Заметив в его руках такое желанное лакомство, почти прыгаю на него, вовремя он успел отставить руку, и забрав кружку, обжигаюсь, но пью, усиленно глотая то, что хочет вырваться обратно. Вроде полегчало.

      - Болею, - соглашаюсь, вернув ему пустую кружку, и заваливаюсь на него целиком, уткнувшись носом в шею. Он теплый и мягкий, относительно мягкий, поэтому мне так удобно.

      - Эм… - начинает он.

      - Не кантовать! – официально заявляю и почти отключаюсь, когда меня нахально скидывают на холодную кровать.

      - Ты что помнишь из вчерашнего? – начинает издалека.

      - Пьянку! – поворачиваюсь к нему и замираю. У него на скуле намечается такой красочный синяк.

      - Это что? – тыкаю прямо в ушиб, получая почти эстетическое удовольствие, видя как его счастливая рожа, перекосилась гримасой боли.

      - Это синяк. Да перестань тыкать пальцем, - отбивает мою руку и садится рядом, подтянув к себе колени.

      Задумался! Вздергиваю одеяло, поймав его удивленный взгляд и заметив на нем белье, выдыхаю с облегчением.

      - С головой как? Порядок? – ухмыляется этот монстр, не сводя с меня своих кошачьих глаз.

      - Да. Кто такой бессмертный посмел обидеть моего мальчика? – не могу не съязвить, зная, как Кир ревностно относится к своему лицу.

      Его молчание напрягает.

      - Я?

      - Нет.

      - Мы че, в допрос играть будем? Мы вчера трахались? Я заехал?

      - Да нет, не так вообще. Ну, я приставал немного…

      - Кир! Заебал мямлить, - начинаю закипать, чувствуя всю абсурдность ситуации.

      - Короче трахнуть тебя хотел…

      - И я был против?

      - Не, ты наоборот был за, даже как-то слишком «За». Потом неожиданно влетел твой отец, ну не закрыли мы дверь, и оттащив меня от тебя, въебал по роже.

      - За что?

      - У него спроси.

      И когда папаня стал против, чтобы я спал с Киром? Нет, сейчас мне такая перспектива не кажется радужной, да и не возбуждает, но вчера-то что произошло? Он же меня сам хотел под него подложить.
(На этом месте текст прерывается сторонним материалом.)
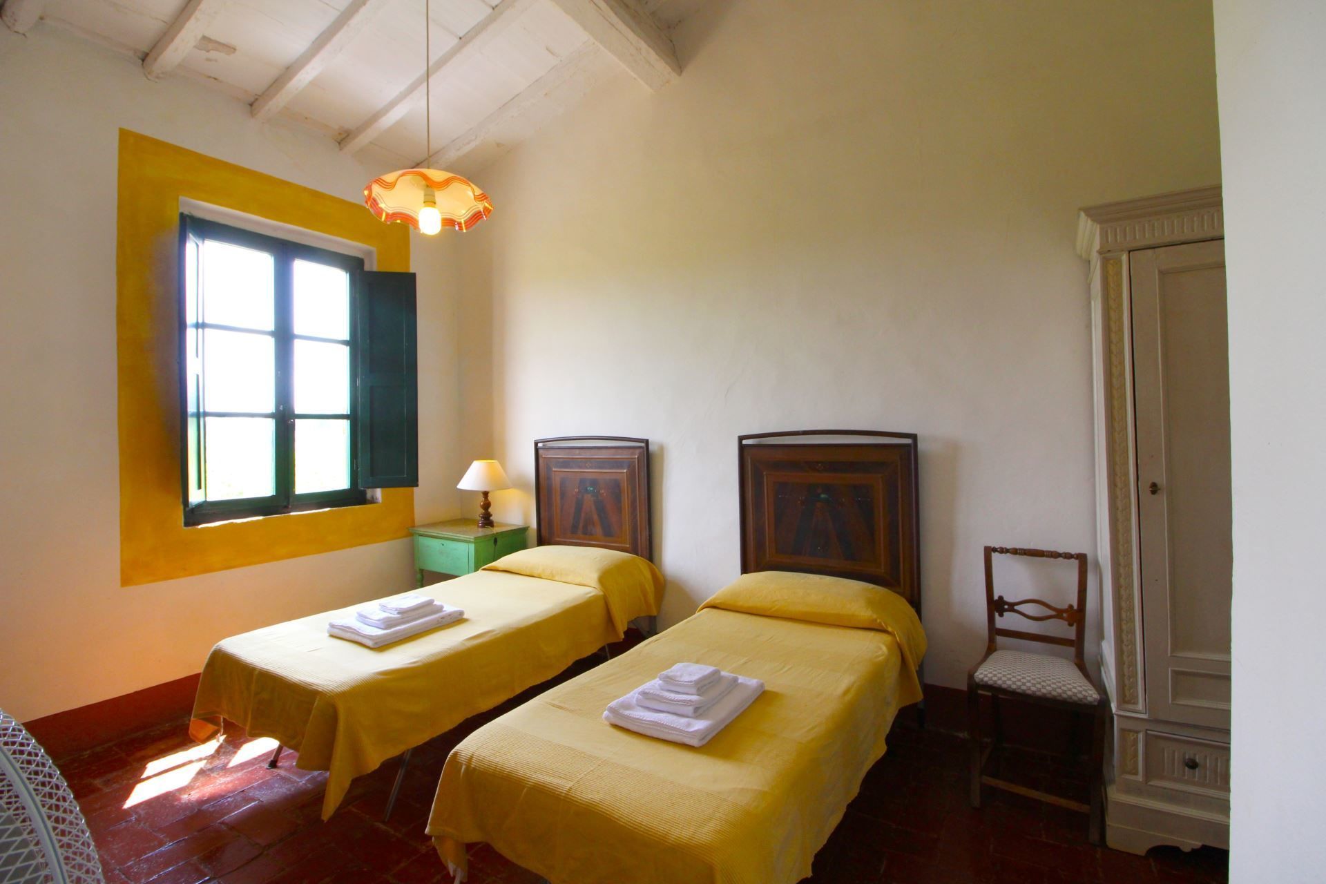 From the windows of the old farmhouse, you will enjoy an incomparable view of the suggestive landscape of the Valdichiana hills, where, scattered here and there, you will glimpse beautiful farmhouses, 19th-century villas and medieval villages dominated by mighty castles. An idyllic setting that will be nourishment for both your eyes and your mind.

      На этом разговор замяли…

Глеб

      Саня, Санечка, как ты ж, сука, вовремя, как и всегда. Ну кто тебя просил? КТО???
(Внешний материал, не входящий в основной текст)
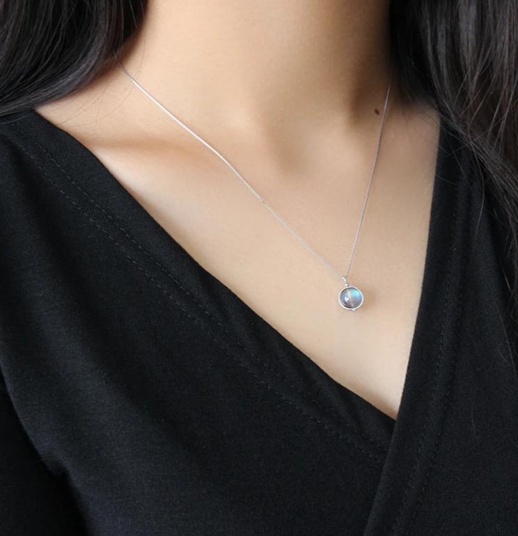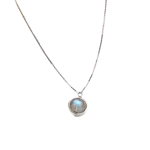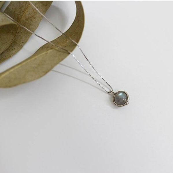 Pendentif Perle Labradorite avec Chaîne Argent Blanc

      Пока блевал над унитазом, разглядывая свое отражение не в совсем чистой воде, не успел подумать обо всем, зато сейчас времени полно.

      - Ты как? – его голос хриплый, немного севший и тяжелый, видно как он устал, почти измотан.

      - Живее всех живых, к сожалению, - пытался улыбнуться, но вышло откровенно паршиво

      - Ты вообще хоть иногда думаешь, что ты творишь? Или уже наркотой все мозги прожег? – орать-то зачем? Все равно не действенный метод.

      - А что не так? – сейчас, ощущая себя все еще живым, все стало не важно. Ни забота, ни помощь, ничто. Просто плохо.

      Нет, дрожь в теле, боль в сорванном горле и тянущие спазмы в животе перетерпеть можно, а с тем, что в душе, что делать?

      - Ты умереть мог, - все, голос сел капитально, понизившись до вкрадчивого шепота.

      - Сань, нормально все. Иди домой, а?

      Видеть его почти рыдающую физиономию нет сил. Я так устал.

      - Ты опять с собой… - сорвался. Из красивых глаз полились слезы, мокрыми дорожками стекая по щекам…

      Ну что за размазня?

      - Не сделаю, обещаю.

      - Никогда?

      - Сегодня точно нет, так что иди спать, на тебя смотреть тошно.

      - На себя посмотри, зомби полудохлое, - наорал и хлопнул дверью, как это по-детски.

      Нет, я ему благодарен - за труды, не за спасение. Все-таки он со мной двое суток провозился, откачивая и приводя в человеческий вид, но жалость в его глазах добивает капитально. Не надо меня жалеть, у меня все отлично, все просто здорово.

      С трудом забираюсь на подоконник на кухне, со второй попытки подкуриваю сигарету и резко затягиваюсь. Горло тут же обжигает, но пусть так, если по венам не пустить никотин, я просто загнусь.

      Так все паршиво обернулось, гадко, мерзко. Стоит только вспомнить взгляд Вика, брошенный на прощание, как становится тошно. Вижу его как сейчас, только прикрыв глаза. Мальчик мой, что же я сделал с твоей жизнью? Ну зачем ты приехал? Зачем приезжал каждый раз? Ведь знал, что все обернется именно так.

      Это лучший выход из ситуации. Да! Так вернее всего. Вот только почему болит под ребрами, этот кусок гнилого остатка, некогда именуемого "сердце". Почему там болит? Почему не могу выпустить из рук телефон, все еще жду, что он позвонит, обматерит, наорет, но только бы не отдалялся.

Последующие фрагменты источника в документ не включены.